## Tag Archives: intermediate subfield

### Intersection of subgroups and the one of intermediate subfields

$\mathbf{Theorem 1:}$ Show that in the fundamental theorem of Galois theory, the subfield corresponding to the intersection of two subgroups $H_1$ and $H_2$ is the subfield generated by the corresponding intermediate subfields $\text{Inv}H_1$ and $\text{Inv}H_2$.
$\mathbf{Proof:}$ Suppose $K$ is the subfield generated by $\text{Inv}H_1$ and $\text{Inv}H_2$. Then $K=\displaystyle \bigcap L$ here $L$ is intermediate subfield embarcing $\text{Inv}H_1$ and $\text{Inv}H_2$.
For any such $L$, $\text{Gal }E/L\leq H_1$ and $\text{Gal }E/L\leq H_2$, so $\text{Gal }E/L\leq H_1\cap H_2$.
Thus $K\subset \text{Inv}(H_1\cap H_2)$.
Conversely, $\text{Inv}(H_1\cap H_2)\supset \text{Inv}H_1$, $\text{Inv}(H_1\cap H_2)\supset \text{Inv}H_2$. So $\text{Inv}(H_1\cap H_2)\supset K$.
$\text{Q.E.D}\hfill \square$
$\mathbf{Theorem 2:}$ The intersection of two intermediate fields $K_1$ and $K_2$ corresponds to the subgroup generated by the corresponding subgroups $\text{Gal }E/K_1$ and $\text{Gal } E/K_2$.
The proof is very similar to the previous one.

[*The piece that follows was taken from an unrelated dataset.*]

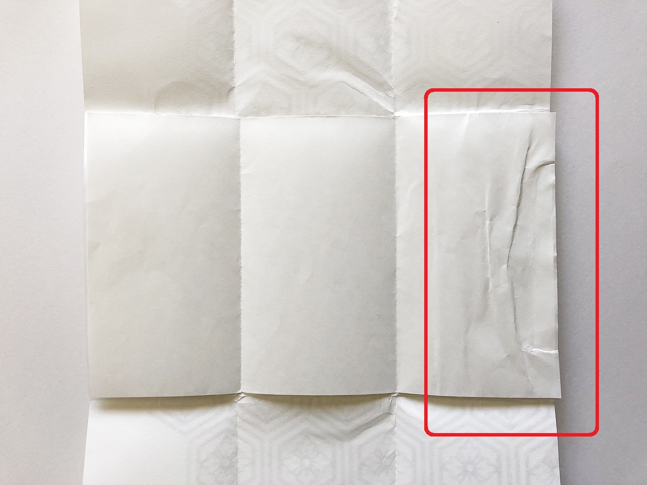本体内側にはさんだ和紙の一部に、縦方向の大きなシワが生じている。(下記写真)

$\mathbf{Corollary:}$ Suppose we also know $K_1$ is Galois over the groud field and $K_2$ is another intermediate field. Then $\text{Gal }K_1/K_2\cap K_2$ is isomorphic to $\text{Gal }K_1K_2/K_2$.

$\mathbf{Proof:}$ By assumption, $H$ is normal. From group theory,

$\displaystyle H_1H_2/H_1\cong H_2/H_1\cap H_2$

Theorem 2 says that the corresponding group to $K_1\cap K_2$ is $\langle H_1,H_2\rangle$. Since $H_1$ is normal then $\langle H_1,H_2\rangle=H_1H_2$. And $\text{Gal }K_1/K_1\cap K_2=H_1H_2/H_1$.

Theorem 1 says that the corresponding group to intermediate field $K_1K_2$ is $H_1\cap H_2$. And $\text{Gal }K_1K_2/K_2=H_2/H_1\cap H_2$.

So the conclusion holds.

$\text{Q.E.D}\hfill \square$

In fact this corollary is valid even $K_2$ is transcedental extension, namely

$\mathbf{Theorem 3:}$ Let $K$ be a Galois extension of $k$, let $F$ be an arbitrary extension and assume that $K,F$ are subfields of some other field. Then $KF$ is Galois over $F$ and $K$ is Galois over $K\cap F$. Let $H$ be the Galois group of $KF$ over $F$, and $G$ the Galois group of $K$ over $k$. If $\sigma\in H$ then the restriction of $\sigma$ to $K$ is in $G$ and the map

$\sigma\to \sigma|_K$

gives an isomorphism of $H$ on the Galois group of $K$ over $K\cap F$.

$\mathbf{Remark:}$ Jacobson Algebra I. p243

### Simple Extension

$\mathbf{Defination:}$ Let $E/F$ be a finte extension, if there is $u\in E$ such that $E=F(u)$, then we call $u$ is a primitive element of the extension $E/F$. And this extension is called simple exentsion.

It is very important to know when a extension is a simple extension.The following theorem Emil Artin

$\mathbf{Thm:(Primitive\, Element\, Thm)}$ $E/F$ is a simple extension if and only if there are finitely many intermediate field $\displaystyle K$ between $E$ and $F$.
We are not interested in the proof of this theorem. But in the consequence of this theorem.

$\mathbf{Corollary:}$ Let $E/F$ be a finite separable extension, then $E/F$ is a simple extension. Especially when $\displaystyle char(F)$ is 0, all finite extension is a simple one.